Given this reality – and to avoid a situation where the human interaction environment resembles a zero-trust zone in which the only winners are lawyers – there is, perhaps now more than ever before, an absolutely desperate need for some new rules which help obviate the desecration of male-female relationships. After some contemplation, here they are:

  1. The ‘Serie A Handball’ Rule. Those soccer fans with even a passing familiarity with Italy’s Serie A will have noticed an intriguing development in recent seasons: that of defenders placing their hands behind their back at the mere possibility of an incoming aerial pass into the penalty area by the opposing team. The reason they do this is to avoid any suggestion that they might intentionally handle the ball and give away a spot-kick. Similarly, men in positions of power over females should adopt a zero ambiguity approach pertaining to physical contact that leaves no doubt as to their good intentions.

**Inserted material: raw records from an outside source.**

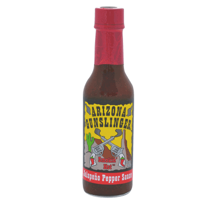 The “Hot Sauce Lover’s Hot Sauce”. ARIZONA GUNSLINGER is made with all natural ingredients; featuring red ripened jalapenos peppers, vinegar and salt. Hence, it is thick, rich and has a distinctive full bodied flavor. ARIZONA GUNSLINGER adds flavor and zest to meats, vegetables, soups, marinades, dips, dressing… almost any dish.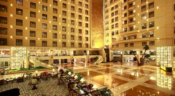 "This Chinese-managed hotel, with its cavernous lobby, is one of the best in Guilin, and famous for the largest artificial waterfall in the world - 150 ft (45m) high."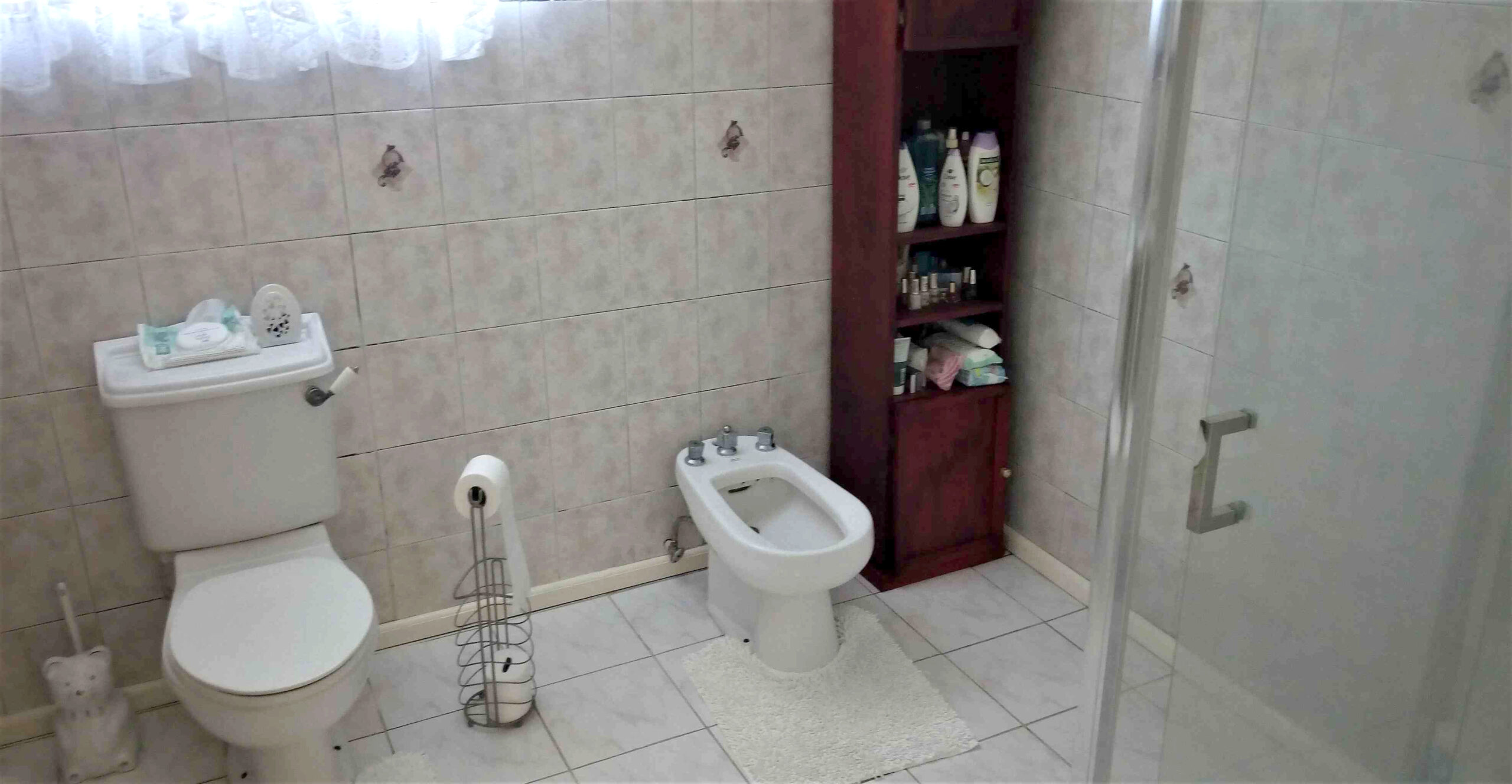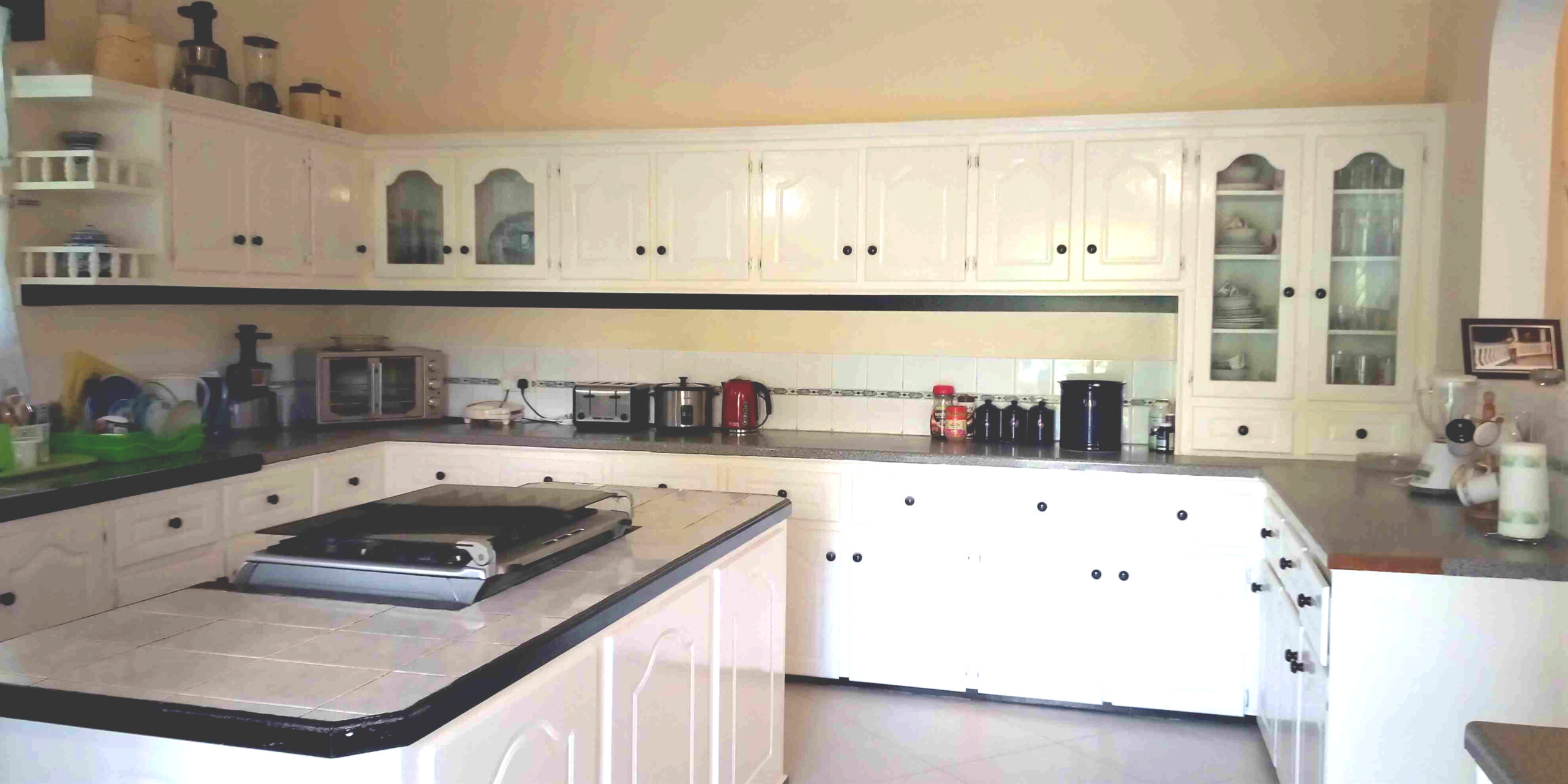 The house spreads over one level, with just a few steps separating the kitchen from the dining and living areas. Ingenious lay-out makes this is very inviting family home, with different lounge areas merging into one another. Two large guest bedrooms share a bathroom, while the large master bedroom features an ensuite bathroom, and garden-side balcony.

  2. The ‘Female Sexual Desire Exists’ Rule. A longstanding moral precept in Western Christian and even post-Christian culture is the idea that women are – somehow – not supposed to show interest in sex. This is problematic on many levels, but the key point here is that it deprives women of agency in relationships: because they are not meant to display certain emotions and desires, this in turn gives creepy predators a kind of cultural licence to proceed with nefarious acts on the grounds that lukewarm reactions to even wanted sexual advances are normalised. Conversely, in traditional Chinese, Islamic and Japanese cultures, fulfilment of female sexual desire is itself perceived as a sublime goal, so long as this takes place in the right context. Comprehending these teachings in their fullness is not merely viable; it is urgent.
  3. The ‘Just Be’ Rule. When women are (i) not under constant threat of being intimidated, groped, or worse; and (ii) respected as people who have a powerful and discerning sexual dimension that is not afraid to make itself known, the psychological space to develop deep emotional connections can appear. And men can, in turn, relax and just be, safe in the knowledge that females – who are an order of magnitude more obsessed with love, sex and relationships than most males can ever realise – will not hesitate to let a man they like be aware of precisely that fact. Moreover, this system incentivises non-predatory behaviour whilst rewarding virtue; it represents a serious upgrade on today’s degraded dynamics.